I loved the character of Nathan—he was probably my favorite—and he reminded me of a character out of a comical wild-west drama. I mean, how do you not love a man who walks brazenly into a room and introduces himself as: “Nathan Alan Tamerlane, born in a summer storm, raised in the rain.” Likewise, I’ll admit some affection towards Penny, Luke, and the adorable Malik. Were all the characters as entertaining? No. There was a fair share of one-off characters that showed up, introduced themselves, and were never mentioned again. This includes Molly and Zoey, the two women in Simon’s life. They show up in the first couple of chapters of the book, and don’t reappear until the very last chapter. Frankly, by the time their names were mentioned again, I’d forgotten who they were.

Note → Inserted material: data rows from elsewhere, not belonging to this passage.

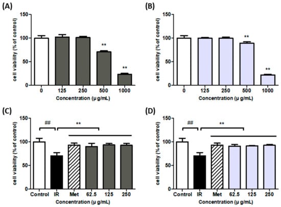 The effect of the extract on the viability of HepG2 and IR-HepG2 cells was evaluated using the WST-1 reagent (Cellvia, AbFrontier, Seoul, Republic of Korea). HepG2 cells were seeded in 96-well culture plates at 1 × 105 cells/mL and cultured for 24 h. Extracts were then prepared at different concentrations (125, 250, 500, and 1000 μg/mL) in a medium without FBS, treated with cells, and cultured in a 37 °C 5% CO2 incubator for 24 h. Next, 10 μL of WST-1 reagent was added to the medium and incubated for 30 min in a 37 °C, 5% CO2 incubator. The absorbance was measured at 450 nm using a microplate reader (Varioskan LUX, Thermo Fisher Scientific). Cell viability was compared to the absorbance of the control group.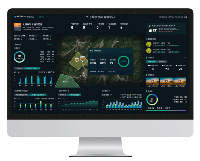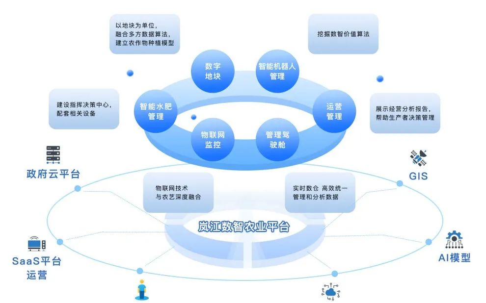 岚江科技同时专注于智慧农业的创新与发展,构建了一套基于农业机器人技术的全产业链数智农业SaaS平台。平台深度融合了云计算、大数据、人工智能、GIS和AIOT等先进技术前沿技术,在基地生产全过程中,对基地种植情况、作物生长环境、农机作业数据、农事信息、设备信息等进行多维度的大数据分析和可视化展现。
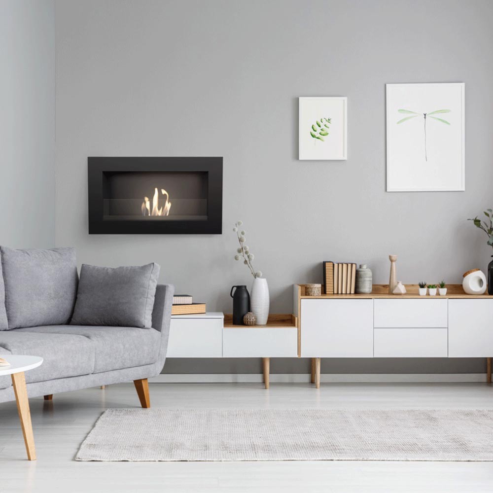 Golf Czarny z szybą to kompaktowy model, który można zawiesić bezpośrednio na ścianie lub wstawić w przygotowaną wnękę tak, aby rama naszła na zabudowę. Dzięki wysuniętym poza korpus brzegom ramy nie trzeba się martwić o perfekcyjne wykończenie otworu pod urządzenie. Biokominek doposażony jest w szybę ochronną, która podnosi bezpieczeństwo użytkowania oraz stabilizują palenie się ognia. Prosta, uniwersalna forma oraz solidnie wykonana czarna obudowa odnajdą się idealnie w każdej przestrzeni.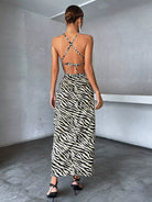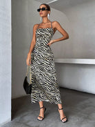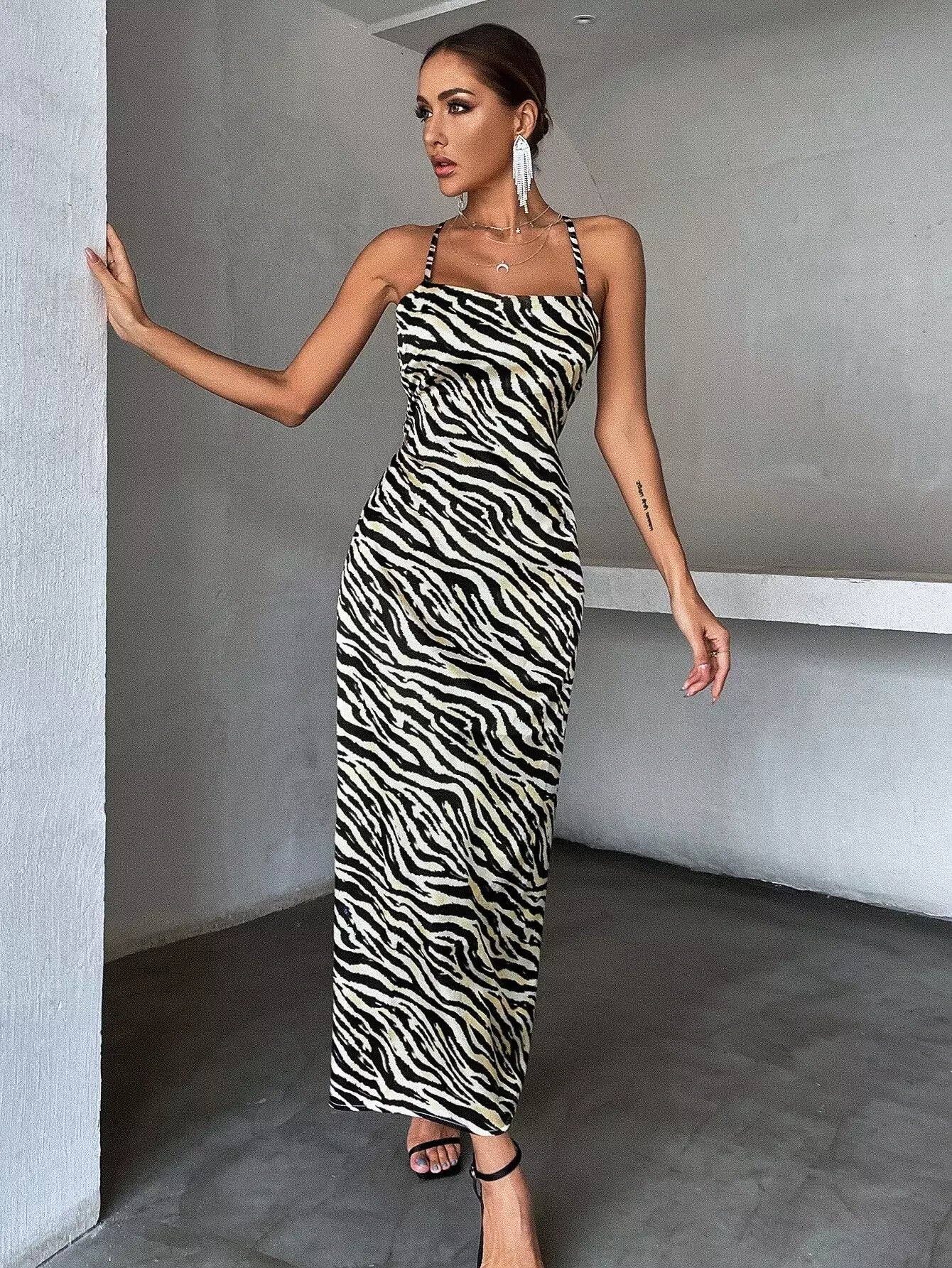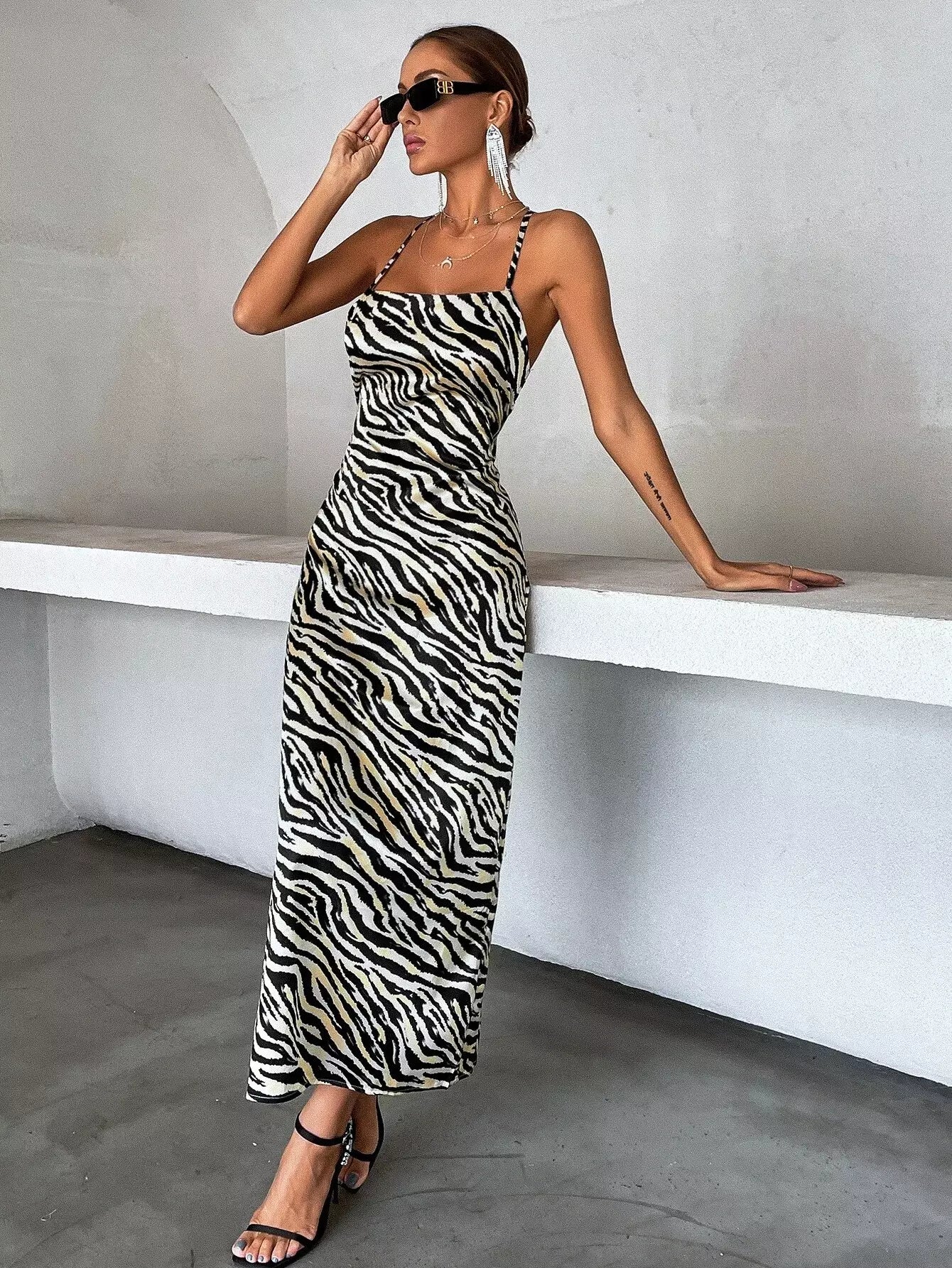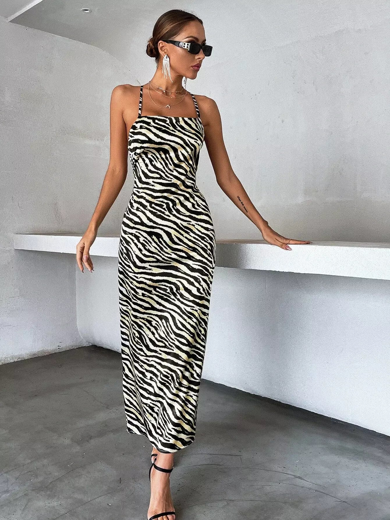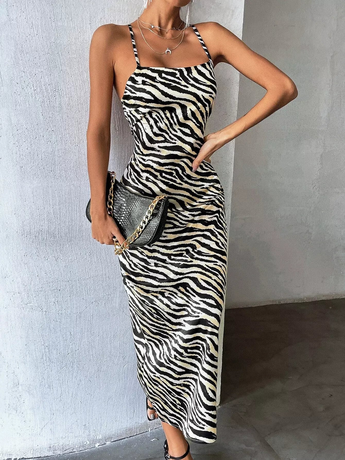 Zebra Striped Crisscross Knot Backless Satin Cami Dress
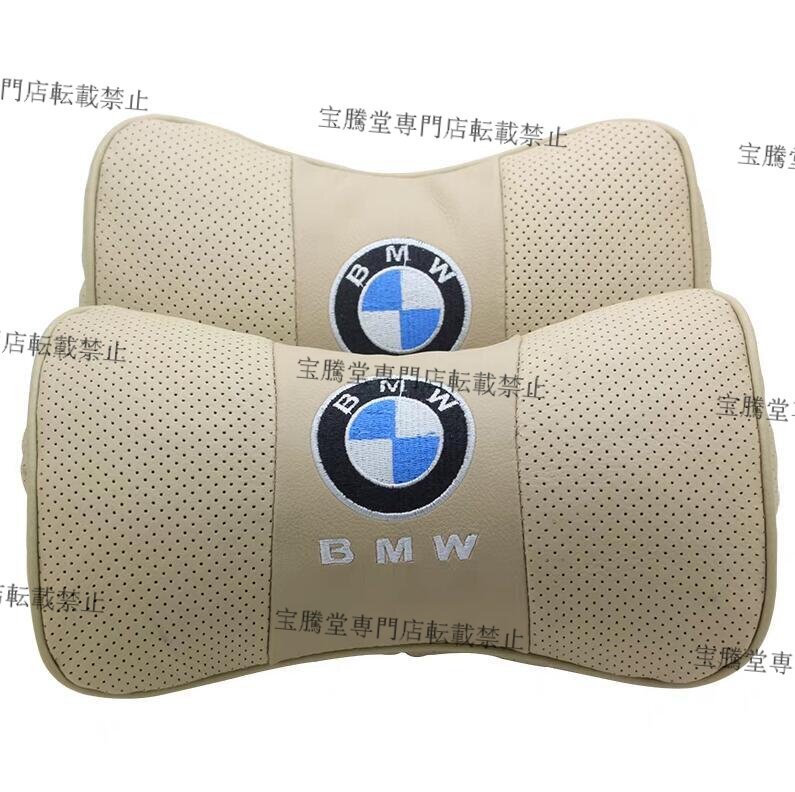 - ★新品★2個セット★BMW★ 刺繍 ロゴ入りき レザー ネックパッド 汎用 車載首枕 ヘッドレスト★刺繍工芸★ベージュ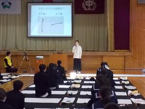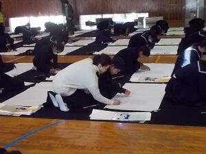 1月10日(金)の午後、1年生を対象に都城市が主催する「ラブレタープロジェクト」が、本校体育館で開催されました。このプロジェクトは、国内外で活躍されている芸術家であり都城市のロゴマークを製作された紫舟氏の指導のもと、大切な人へ大きな和紙に筆で手紙を書くものです。紫舟氏との交流を通して、プロの感性に触れ、PRロゴへの愛着を深め、ふるさと都城への愛郷心を育むことを目的開催されています。大きな和紙に筆で書くことが初めての生徒もおり、紫舟氏の説明を熱心に聞きながら練習し、一生懸命に取り組んでいました。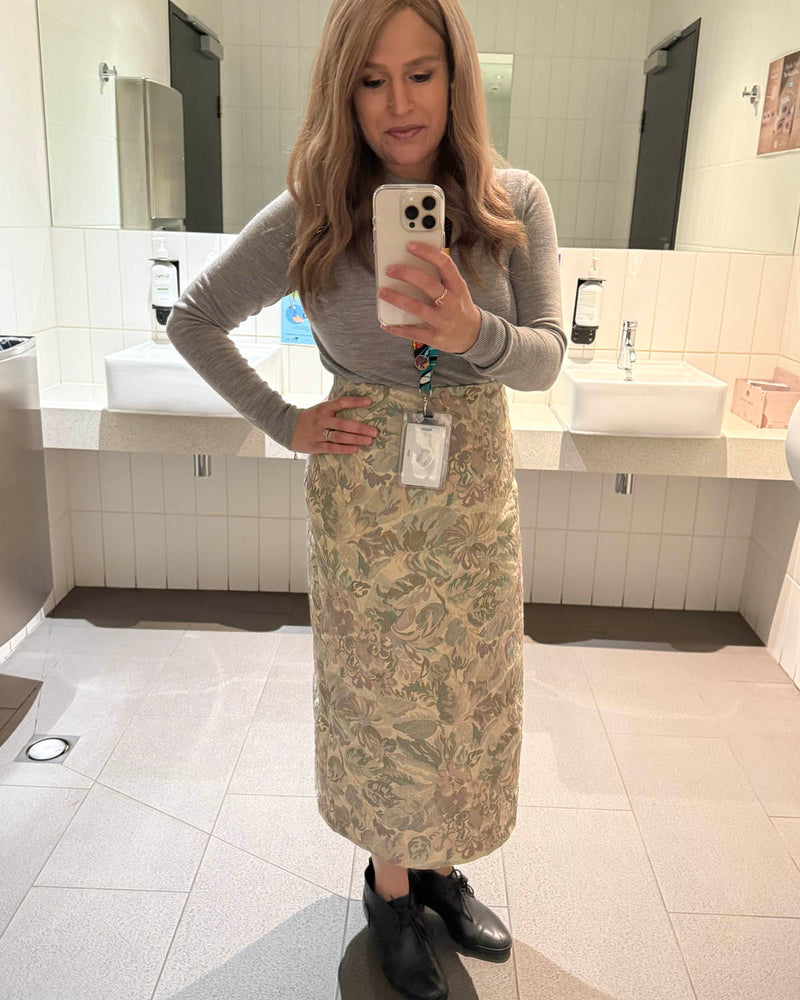 The fit of this skirt is lovely, the fabric is gorgeous, I love it, thank you
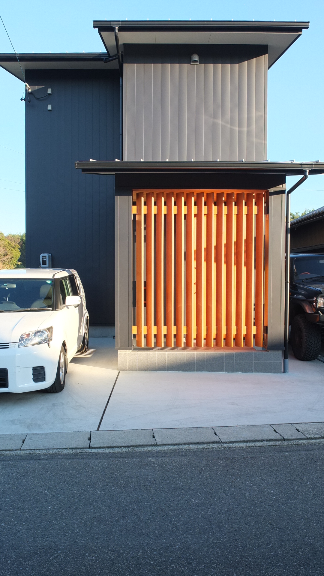今年の夏に竣工お引渡ししたm様邸。外構工事が行われていたため、しばらくできなかった外観の撮影をさせていただきました。 白っぽいコンクリート、黒いガルバリウム鋼板、明るい茶色の格子と玄関扉のコントラストが快晴の空に映え […]

For the most part, the story was well written. It kept a decent pace, the characters were interesting, and the world building was well fleshed out. Unfortunately, the book wasn’t all rainbows and puppies in that department. There was a lot to this book that wasn’t explained or resolved. In the end, the plot didn’t feel resolved, and it didn’t feel like Simon and his friends had actually accomplished anything. Other than rescuing Sam…. everything was left open. It was a bit of a disappointment in that regard. I really wish more had been explained or resolved in a way that made the ending feel more complete. I understand the need to leave the plot open for future books in the series—but the book felt like a bit of a goose chase. Simon’s adventure had him running around all over the place, learning new things and meeting new people, but he didn’t accomplish anything. He eventually returned home and things went back to normal. It wasn’t satisfying.

Overall, I liked the book. It wasn’t the best YA fantasy book I’ve ever read—in fact, it’s probably better suited to the middle-grade crowd. Simon wasn’t a super intelligent character, and he had a tendency to bumble along through the story, not understanding what was going on or listening to what anyone told him. This certainly wasn’t what I’d call an intellectual read. The novel had some definite flaws, but I did enjoy the adventure. Would I read it again? Maybe. I’ll admit, there were some times when I got lost and began to skim, and another read-through might give me a more solid opinion of the story. Would I recommend it? Yes. I think so. The series holds a lot of promise, and it has some really great characters.  I’d suggest this story for anyone who enjoys middle-grade fantasy adventures. It won’t be for everyone, but it is an entertaining read.